(Photo via New Voices Philadelphia / Facebook/The Philadelphia Gay News).
By Michele Zipkin
PHILADELPHIA — Céshia Elmore knows the mission
“Black women, femmes, girls, gender-expansive people are often considered the marginalized community; we’re considered the minority,” Elmore, the Philadelphia community organizer for New Voices for Reproductive Justice (New Voices), said. “It’s important to drive our efforts around education and resources that empower these communities to know that they actually do have a voice, they actually do have a choice.”
The mission of New Voices, which serves communities in Philadelphia, Pittsburgh, and Cleveland, is “to transform society for the holistic health and well-being of Black women, girls and gender-expansive people.”
The people of New Voices say they’re working to put an end to patriarchal anti-Blackness via community organizing, leadership development and voter engagement.
New Voices recently hosted a “poetic protest” and voter engagement event in West Philly called “These Jawns Vote.” At the event, four poets stood at each corner of 52nd and Chestnut streets and performed a spoken word piece about how voting empowers Black women and gender-expansive folks as they push back against attacks on their bodies. After each poet performed their piece, they rotated corners. Volunteers were stationed at each corner registering people to vote, and encouraging them to share their opinion on the hot button issues such as abortion rights, gun violence and LGBTQ+ rights.
“It went wonderfully,” Elmore said. “The visuals, the poets and the people all showed up, which I’m grateful for. I was really impressed with the way that the poets just delivered and really took the issues and put it into their art.”
The work of New Voices is particularly pertinent in a climate where reproductive rights are on the ballot in Pennsylvania and in many other states since the overturning of Roe v. Wade. Right now, abortion is legal in Pennsylvania. However, Pa. gubernatorial candidate Doug Mastriano would severely restrict abortion access if elected.
For Elmore and the other leaders of New Voices, reproductive justice goes hand in hand with LGBTQ and BIPOC bodies, but the discourse around reproductive rights has centered on women and women’s bodies, Elmore said.
“Oftentimes, people don’t consider that that is inclusive of trans people and nonbinary people who don’t necessarily identify as women. When we talk about reproductive justice, we’re talking about birthing bodies; we’re talking about Black people who have the capability of building families, of choosing not to build families. When we hear about all of these laws and bills going into place and practice, I feel that it is not being considered how it adversely affects Black women, Black gender expansive-people, Black nonbinary people.”
The idea behind New Voices was born out of three Black women college students at the University of Pittsburgh and a community elder and long-time peace and justice activist.
Co-founder La’Tasha Mayes expanded the group’s work beyond her college campus when she rallied Western Pennsylvania women of color to attend the March for Women’s Lives in 2004. Participating in the march drove home the importance of building a political space for young women of color to discuss the issues and establish their own brand of activism to fight for reproductive and social justice.
Elmore got involved in New Voices two years ago out of a feeling of helplessness seeing Black people being killed at the hands of those abusing their power.
“As a Black woman who is moving through this existence, it can really just wear on you,” she said. “I’m just one person, what am I supposed to do?

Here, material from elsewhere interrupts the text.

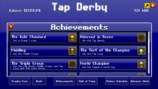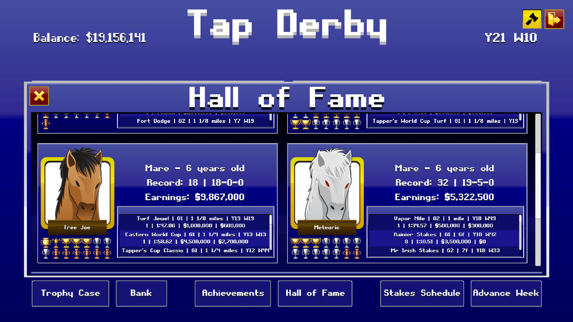 Tap Derby allows you to step into the shoes of a rookie horse trainer. Under the guidance of legendary trainer, Rusty Hayes, buy, train, and race as you grow your stable. Conquering prestigious racing events and rising to Horse Racing Stardom.

I know that something has to change, but I don’t know what that thing is.”
Elmore cited the killing of Dominique Rem’mie Fells in Philadelphia in 2020 that marked a point where she had to do something concrete to fight for social change. “Black trans women are being annihilated and nobody is doing anything about it,” Elmore said.
She used her existing connection with New Voices to get involved in the organization’s work, was tasked with putting together a march, and was later offered a job as an organizer with New Voices. From there, she launched the first voter engagement team in Philadelphia.
“It means so much to me to now be in a professional position that aligns with who I am as a Black woman, as a queer woman, as a woman,” Elmore said. “I can happily say that I am empowered.”
A new aspect of New Voices this year is the #SayHerName Justice Fund, a mutual aid fund that provides direct support for the organization’s target population, especially people who have suffered the effects of violence. This could manifest in different ways, Elmore said, including helping people in need of financial assistance, helping folks get funds to access abortion care, helping people with food scarcity, or anything they need.
In the run-up to the Nov. 8 election, New Voices’ Voice Your Vote! (VYV) team has been canvassing the streets of Philadelphia to spread the word about the need to vote and the early voting period in Pennsylvania, which is Oct. 28 to Nov. 1.
“We are making face to face contact with Philadelphia constituents, letting them know that even though voting is not the end-all be-all, it is part of the solution, it is a tool that you can use to reduce harm,” Elmore said. “I am planning to join VYV on some of these efforts because I still want to use these messages from ‘These Jawns Vote,’ these powerful messages from the poets, and spread them amongst the community in collaboration with our voter engagement efforts.”
Michele Zipkin is a reporter for the Philadelphia Gay News, where this story first appeared.